10-Country Survey Reveals Nearly One in Four Adolescents Living with Obesity Do Not Know They Have Obesity

The following is excerpted from an online article posted by MedicalXpress.

New research from 10 countries presented at this year’s European Congress of Obesity (ECO) shows that nearly one-quarter of adolescents living with obesity (ALwO) (24%) do not know they have obesity. However, most surveyed (85%) are worried about the impact of their weight on their future health. Many struggle to talk to even those closest to them about their weight status and two-thirds feel it is their sole responsibility to deal with their excess weight.

A total of 5,275 ALwO (aged 12-<18 years), 5,389 caregivers (CGs), and 2,323 healthcare professionals (HCPs) were surveyed via an online panel, telephone calls, and in-person meetings on a wide range of topics, including attitudes towards obesity and its impact, the number of weight loss attempts and motivations/barriers to weight loss. HCPs were most likely (89%) and CGs least likely (67%), to indicate obesity has a strong impact on a person’s overall health and well-being, with ALwO in between at 72%. Most participants thought obesity was at least as, or more, impactful than heart disease, cancer, or diabetes, among other conditions.

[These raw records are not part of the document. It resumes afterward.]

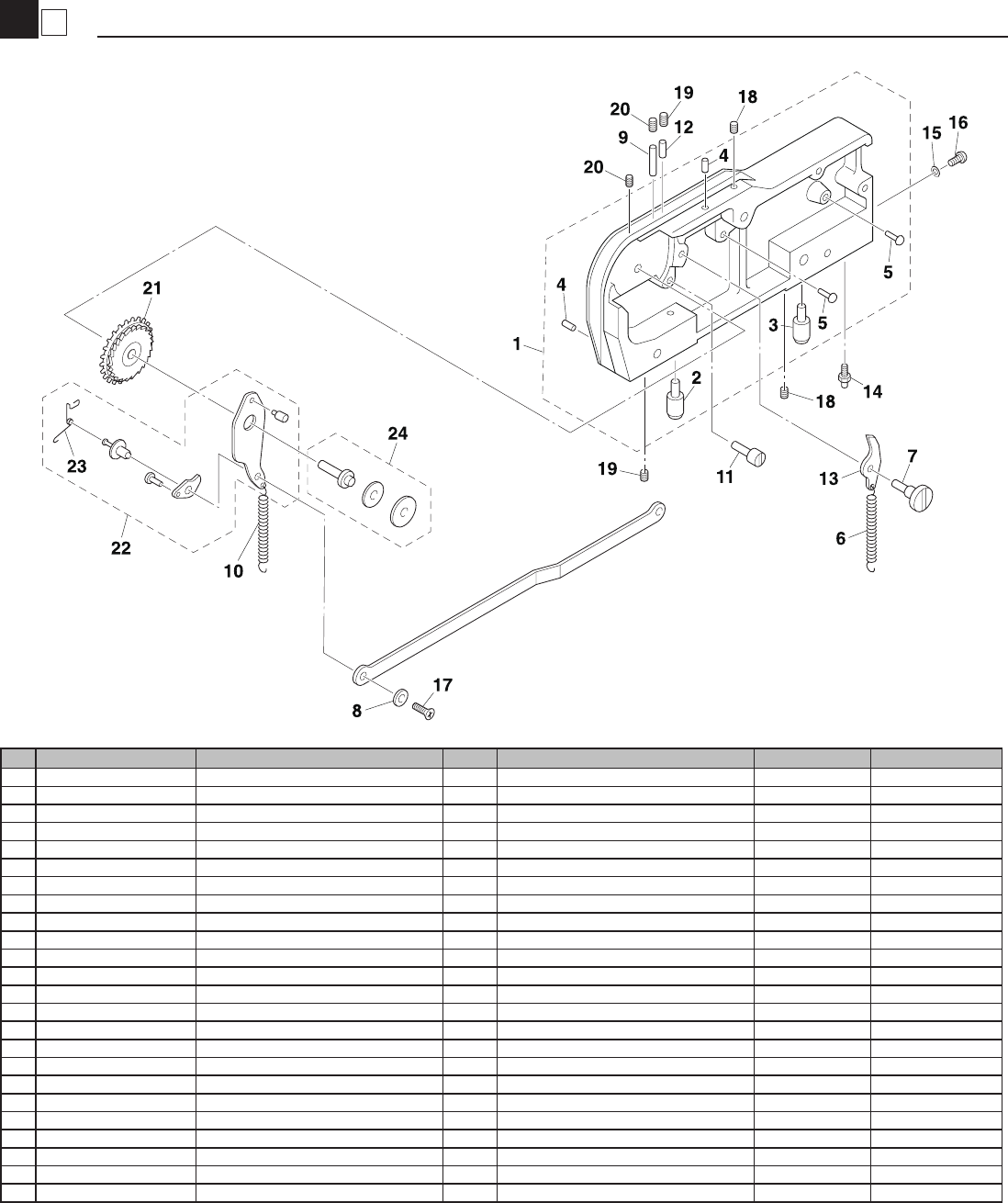 24 K87-M212L-00X SPROCKET AXIS ASSY 1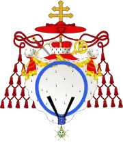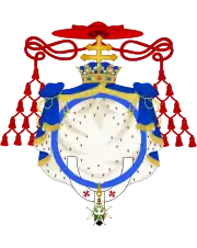 Cardinal-évêque (ou plus généralement cardinaux qui sont évêques) | Les cardinaux qui sont évêques ajoutent une croix de procession d'or derrière leur écu[1].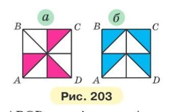 751. Сторона квадрата ABCD дорівнює 4 см. Знайдіть загальну площу зафарбованих частин квадрата.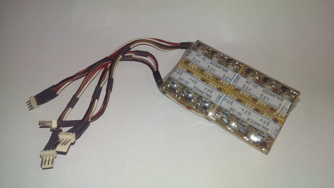 Wer im Modellbau Lipo-Akkus verwendet, kommt um die Verwendung eines 'Lade-Balancers' nicht herum. Diese kleine Schaltung wird während dem Ladevorgang parallel an jede Lipozelle angeschlossen. Der Balancer verhindert eine Überschreitung der maximal zulässigen Spannung der Lipo-Zelle. Frage: Ich habe mir extra ein Lipo-Ladegerät gekauft .... brauche ich dann noch einen Balancer ?? Anwort: Ja !! Geladen wird normalerweise mit 1xC ... d.h. eine 1200mAh-Lipo sollte mit max. 1200mA geladen werden !! Ein Lipo-Ladegerät funktioniert prinzipiell zuerst als Konstantstromquelle, welches beim Erreichen einer bestimmten Spannung am Akkupack (4,23VxZellenzahl) den Strom herunterregelt ... es wechselt also beim 'Vollwerden' der Lipo-Zelle in eine Konstantspannungsquelle (Spannungskonstanter). Wenn dann der Strom 1/10 des max. Ladestroms unterschreitet wird der Ladevorgang abgebrochen und vollzug (voll) gemeldet. Soweit so gut ... nur weis das Ladegerät beim 'Serienladen' nur die Gesamtspannung aller in Reihe geschalteter Zellen ... !! Lipozellen können spannungsmässig auseinandertriften, wodurch die eine Zelle überladen wird und die andere nie volle Ladung erreicht --> dies führt unwiderbringlich zum Tod des Lipo-Packs !! Genau dieses Auseinandertriften der Zellen wird vom Balancer während dem Ladevorgangs wieder behoben .... die Zellen werden wieder angeglichen, in dem er den Ladestrom beim Erreichen der 4,23V um die volle Zelle 'herumleitet' .... diese also nicht weiter geladen wird. Eine andere Möglichkeit besteht im Laden der einzelnen Zelle ... dadurch wird jede Zelle auf Ihr Maximum (4,21V ... 4,23V) geladen ... es werden also alle Zellen immer gleich voll geladen. Dazu brauch ich entweder soviele galvanisch getrennte Ladegeräte wie Zellen im Pack vorhanden sind oder ich brauche Zellenzahl x (mal) so lange, bis das Pack geladen ist ... ist also recht aufwendig. Bei neueren (aber auch teureren) Ladegeräten werden die einzelnen Zellen über den mittlerweile standartmässig vorhandenen Balanceranschluß geladen ... bei diesen Geräten ist ein Balancer nicht unbedingt notwendig, da ja jede einzelne Zelle überwacht und vollgeladen wird .... vorausgesetzt das Ladegerät funktioniert einwandfrei .... Kontrolle ist besser !! Ich lade meine Lipos prinzipiell nur mit angeschlossenem Balancer ... was beim Überladen einer Lipo-Zelle passieren kann seht Ihr unten auf den verlinkten Seite !! Hier nun meine Eigenbau Balancer ...

While more than half (58%) of ALwO had tried to lose weight in the past year, three-quarters 75% of ALwO were somewhat/very likely to attempt to lose weight in the next 6 months. Fewer CGs reported that their ‘linked’ ALwO attempted weight loss (WL) over the past year (41%) and that their ALwO was somewhat/very likely to attempt to lose weight in the next 6 months (63%). HCPs indicated that 38% of their ALwO patients had made a serious WL attempt in the past year.

Regarding motivation for ALwO to lose weight, the most commonly reported motivators for ALwO were wanting to be more fit/in better shape (40%), not being happy with their weight (37%) and wanting to feel more confident (35%).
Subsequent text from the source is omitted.